Впереди колонны кто-то предостерегающе закричал. Кира Баламут тут же прыгнул в сторону, разглядел вдалеке могучую фигуру, несущуюся к людям по каменистой осыпи, крикнул:
– Снайпер!
Айрат сдернул с плеча винтовку, нашел цель и спустил курок.
Мут словно споткнулся, на подгибающихся ногах пробежал еще метров тридцать, а потом упал.
– Двадцать восемь, – сказал Айрат и улыбнулся, вернувшись в ощетинившийся стволами строй.
– Не спать! – крикнул мичман Теребко. – Про баб потом будете думать! А сейчас по сторонам смотрите!
Связист Голубятня, сидя на плоском камне, нагретом солнцем, торопливо перематывал портянку…
36
Ночь выдалась глухая, будто не лето сейчас было, а зима.
Тагир Сагамов долго пытался заснуть, ворочался на сколоченной из досок кровати, на матрасе, набитом соломой. Он уже не рад был, что упросил доктора отпустить его домой. В медицинской яранге, наверное, имелось какое-нибудь средство от бессонницы. Санитар, присматривающий за больными, дал бы страдальцу хлебнуть снотворной микстуры – и не пришлось бы так мучиться.

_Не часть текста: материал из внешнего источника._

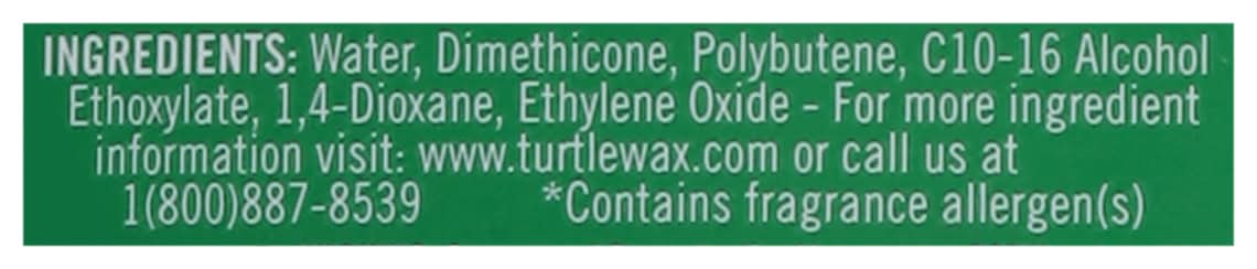 Ingredients: Water, Dimethicone, Polybutene, C10-16 Alcohol Ethoxylate, 1.4-Dioxane, Ethylene Oxide
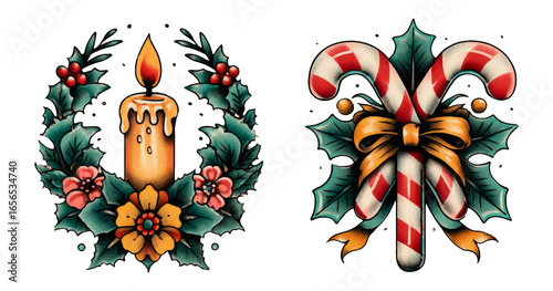 Christmas Candle and Candy Cane with Holly Wreath on Transparent Background
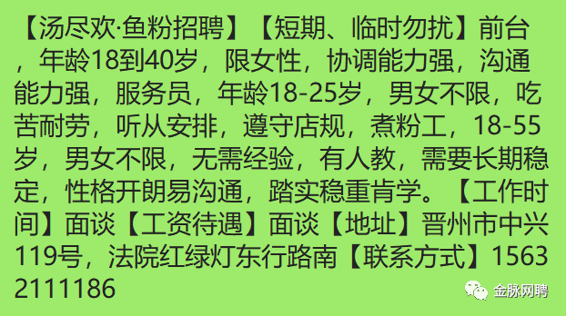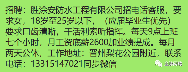 2.网络求职有风险,本号仅代发招聘信息方便大家获取信息,不对求职结果或问题负责,信息真伪请注意甄别。若有不实,请及时向小编反映;
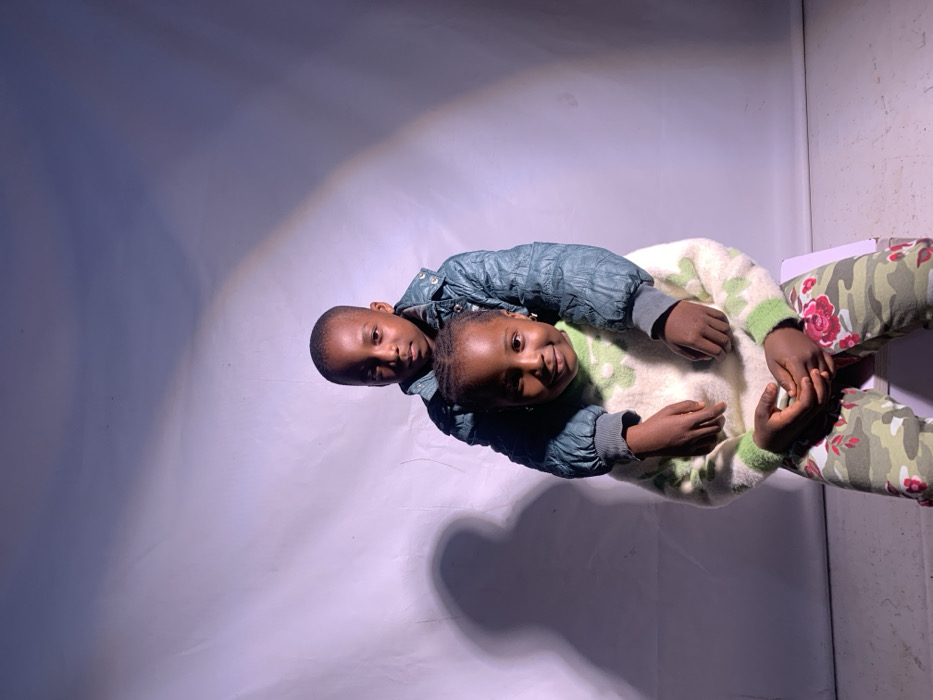 An image taken in Jos, Nigeria, depicts two children posing against a plain, light-colored fabric backdrop with visible wrinkles and shadows
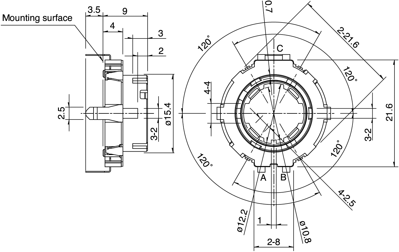 Símbolo | Tipo de codificador | Medidas | Montaje |
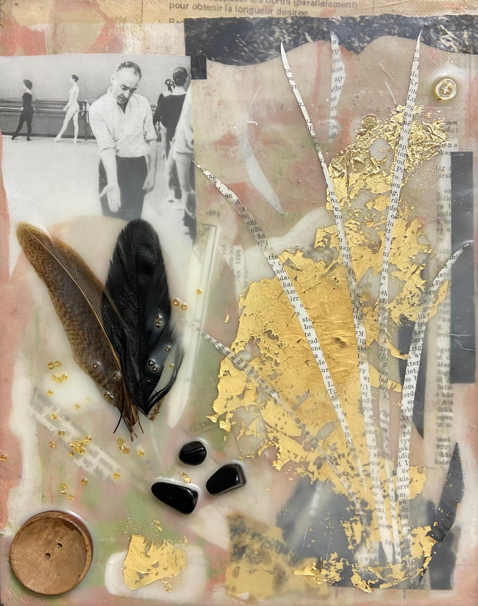 - Acrylic, collage, oil, stones, gold leaf, buttons, feathers, beads, and encaustic on canvas panel
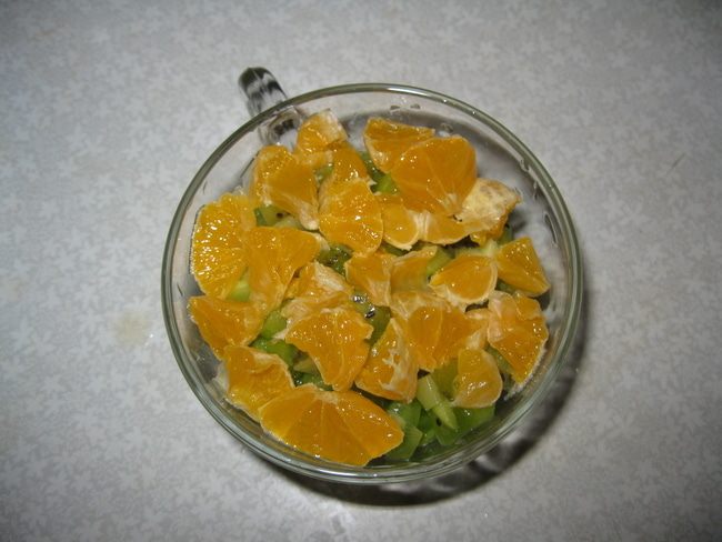 4-й слой: чистим мандарин. Режим кусочками.

Тагир вздохнул, встал с лежанки, стараясь не шуметь. В соседней комнате спала жена – она у него была третья, и он, вспоминая это, каждый раз невесело посмеивался: надо же, как повезло низкороду – три раза успел жениться, двух жен сумел пережить!
Он открыл ставни, выглянул в узкое окно. Стёкол у него не было, а затягивать рамы пленкой в своей комнатке он не стал – ему нравился свежий воздух, и он любил посидеть у открытого окошка, наблюдая за жизнью общины. А через мутную пленку разве разглядишь чего? Конечно, комары да мошки летят. Да и что с того? Кому они мешают?..
Тагир опустился на табурет, поморщился от боли – зашитые доктором раны саднили, не давали покоя. У санитара наверняка нашлось бы и обезболивающее – корешки какие-нибудь или травки сушеные, настоянные на самогонном спирту.
Он дотянулся до глиняной кружки с остатками давно остывшего чая, переставил её со стола на подоконник. Где-то тут была половина лепешки…
Не хотелось ни есть, ни пить. Но нужно было чем-то заняться, тем более что разглядеть что-то в ночи было почти невозможно: в паре далеких окошек горели лампадки, над чьим-то холостяцким чумом поднимался подсвеченный огнем дым, да светились дежурные факелы на сторожевых вышках – случись чего, и с крытых площадок, поднятых на десять метров, полетят зажигательные стрелы, воткнутся в заготовленные осветительные снопы.
Тагир хлебнул чай, по аромату и вкусу разгадывая его состав – хоть какое-то занятие! – сухая малина, брусничный лист, кипрей, мята, липовый цвет…
Его дом стоял на краю деревни, почти у самого леса. Так было принято, что низкороды селились на околице, образуя своего рода защитный барьер между диким миром и центром поселения. Чем ценней считался человек, тем ближе к центральной площади он жил. Имелись, конечно, исключения. Иван Рыбников, например, ютился в простом чуме бок о бок с низкородами. Наверное, из-за девчонки своей – Таи. А может, просто ленился нормальный дом построить.
Вот Тагир свою избу поставил в четырнадцать лет. Не один, конечно, делал, половина деревни помогала. А он потом отрабатывал эту помощь – так было принято. Зато теперь есть отдельное место и у жены, и у дочки. Если дотянут до нужного срока, глядишь, и еще детей заведут с одобрения Совета – тут места всем хватит…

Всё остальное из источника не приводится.